Background information
- Born: 1969 (age 56–57) Italy
- Genres: Classical
- Occupations: Conductor, pedagogue, violinist
- Instrument: Violin
- Website: http://www.guidorimonda.com

= Guido Rimonda =

Italian violinist and conductor (born 1969)

Guido Rimonda (born 1969) is an Italian violinist and conductor.

==Biography==
Born at Saluzzo in Piedmont, Rimonda studied the violin under Corrado Romano, Franco Gulli, Renato Biffoli, Renato de Barbieri, Edoardo Oddone and Ruggiero Ricci. He made his debut at the age of 13 as the player of Corelli's sonatas in the film entitled Per Antonio Vivaldi, directed by Massimo Scaglione. Rimonda began his teaching career as the assistant of Giuliano Carmignola and Franco Gulli at the Scuola di Alto Perfezionamento Musicale, Saluzzo. He currently holds the violin chair at the Conservatorio Giuseppe Verdi in Turin.

Rimonda was recently awarded the Renato Brusòn Prize.

==Recordings==
- Camille Saint-Saëns: Sonata per violino e piano op.75 N.1 - Charles Dancla: "Petite ecole de la melodie" op.123 - Jules Massenet: Thais (1894) Meditation - Violino:Guido Rimonda, Pianoforte: Cristina Canziani Etichetta: CHANDOS - Inghilterra 2009
- Wolfgang Amadeus Mozart: Integrale dei concerti per violino e orchestra, violino solista Guido Rimonda - Orchestra Filarmonica Italiana (3 cd Fabbri Editori I Grandi Musicisti)
- Antonio Vivaldi: Concerti op.3, Estro Armonio, violino solista Guido Rimonda - Orchestra da camera "Archi del Veneto" (Fabbri Editori I Grandi Musicisti)
- Antonio Vivaldi: Concerti op.12, violino solista Guido Rimonda - Orchestra da camera "Archi del Veneto" (Fabbri Editori I Grandi Musicisti)
- Johann Sebastian Bach: Concerti per violino e archi, Triplo concerto per violino, flauto e clavicembalo - Orchestra Filarmonica Italiana (Fabbri Editori I Grandi Musicisti)
- Alessandro Rolla: Concerto per violino in do maggiore - Sinfonia in re maggiore - Adagio per l'amico Cavinati, violino solista e Direttore Guido Rimonda - Orchestra Alessandro Rolla di Varese (Ed. Bongiovanni, Bologna)
- Tomaso Giovanni Albinoni: Concerti per violino e archi, violino solista Guido Rimonda - Orchestra da camera "Archi del Veneto" (Fabbri Editori I Grandi Musicisti)
- D.Cimarosa, L.Boccherini, G.B.Viotti: Concerti per flauto e orchestra, flautisti: Maxence Larrieu e Giuseppe Nova - Orchestra Camerata Ducale, Direttore Guido Rimonda (Ed.

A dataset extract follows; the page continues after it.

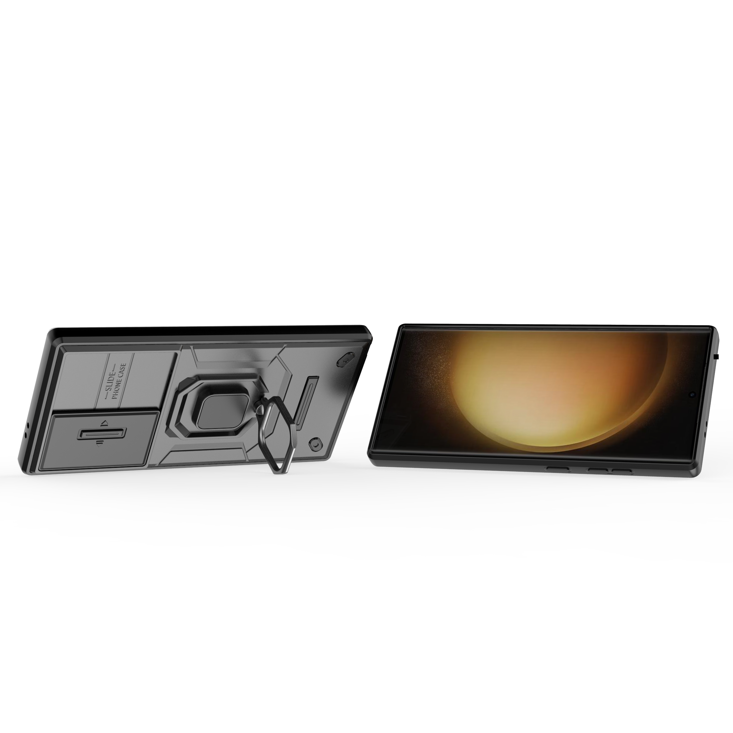 Lenuo Sliding Camera Cover For Samsung Galaxy S25 S24 Ultra S24 FE Phone Case with Magnetic Ring Stand and Shockproof Bumper, Compatible with Samsung Galaxy S24 Plus

Bongiovanni, Bologna)
- Luigi Boccherini, Wolfgang Amadeus Mozart, Giovanni Battista Viotti: Concerti per violoncello e orchestra e danze tedesche, violoncello Franco Maggio Ormezowski - Orchestra Camerata Ducale, Direttore Guido Rimonda (Ed. Bongiovanni, Bologna)
- Domenico Cimarosa, Luigi Giannella: Il maestro di cappella - Concerto per violino e orchestra (prima registrazione assoluta) - Basso Buffo Enzo Dara, violino solista e direttore Guido Rimonda - Orchestra Camerata Ducale (Ed. Bongiovanni, Bologna)
- Giovanni Battista Viotti: 32 Concerti per violino e orchestra, violino solista e Direttore Guido Rimonda - Orchestra Camerata Ducale (15 cd, Ed. Bongiovanni, Bologna)
- Arcangelo Corelli: Concerti grossi per archi, primo violino e Direttore Guido Rimonda - Orchestra da Camera "Archi del Veneto" (Fabbri Editori I Grandi Musicisti)
- Georg Friedrich Händel: Concerti grossi per archi e fiati, primo violino e Direttore Guido Rimonda - Orchestra Filarmonica Italiana (Fabbri Editori I Grandi Musicisti)
- Georg Friedrich Händel: Concerti grossi per archi, primo violino e Direttore Guido Rimonda - Orchestra Filarmonica Italiana (Fabbri Editori I Grandi Musicisti)
- Joseph Haydn: Sinfonia Il mattino - Il pomeriggio - La sera, violino solista e Direttore Guido Rimonda - Orchestra da Camera "Archi del Veneto" (Fabbri Editori I Grandi Musicisti)
- Giovanni Battista Viotti: Concerto per violino N.24, Concerto per violino, pianoforte e orchestra N.3 e altre composizioni per violino e orchestra (Allegato alla Rivista Amadeus-Novembre 2007 Edizioni Paragon)

==Instrument==
Rimonda plays a A.Stradivarius “J.M.Leclair” (1721) and a Dario Vernè (1991).

==Bibliography==
Writings di Guido Rimonda:

- "Quattro secoli di liuteria in Piemonte" di Guido Rimonda e Cristina Canziani ed. Regione Piemonte 1996
- "Tre figli delle Langhe" di Romano Marengo ed. Cremonabooks 1999 (introduzione di Guido Rimonda)
- "La musica ragionata" quattro volumi in edizione anastatica di Carlo Giovanni Testori 1997-1998-1999-2000 (introduzione di Guido Rimonda)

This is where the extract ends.